7. A method of manufacturing a material according to one of claims 1 or 2, characterized in that it comprises the following steps: • Weighing oxides or carbonates raw materials to obtain the composition of the ferrite material;

• mixing and first grinding of the raw materials; ^" The chamotte at a temperature between about 800 and 1050 ⁰ C;

• A second grinding of the powder obtained, followed by pressing;

Sintering said regrind powder at a temperature between about 900 and 1100 ^° C.

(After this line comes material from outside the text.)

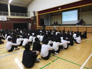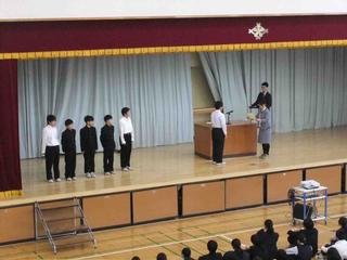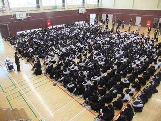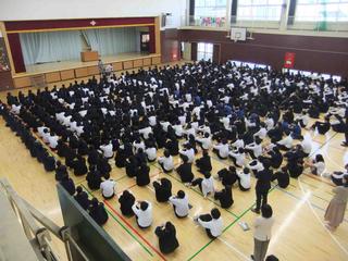 12月23日(火)、今年の授業最終日、体育館で全校集会を開催しました。

8. Manufacturing process according to claim 7, characterized in that the first grinding is carried out in a humid medium.

9. The manufacturing method according to one of claims 7 or 8, characterized in that the sintering of the regrind powder is carried out under air or oxygen.

10. Manufacturing process according to one of claims 7 to 9, characterized in that the grinding operations are performed with a ball mill and / or attrition.

1 1. A method of manufacturing the material according to claim 3, characterized in that it comprises the following steps:

• Weighing oxides or carbonates raw materials to obtain the composition of the ferrite material;

• mixing and first grinding of the raw materials;

• The chamotte at a temperature between about 800 and 1100 ° C; • A second grinding of the powder obtained, followed by pressing;

• The mixture of said regrind powder with organic products (binders, deflocculants, surfactants ...) for the production of a paste;

• Thick deposition of this paste by casting or screen printing; • The production of a multilayer structure consisting of a stack of layers of hard ferrite (permanent magnet), metal (silver, silver-palladium, gold) and ferrite according to claim 3;

Sintering of said multilayer structure at a temperature of between approximately 850 and 1100 ^° C .;

12. The manufacturing method according to claim 11, characterized in that the hard ferrite is hexaferrite type.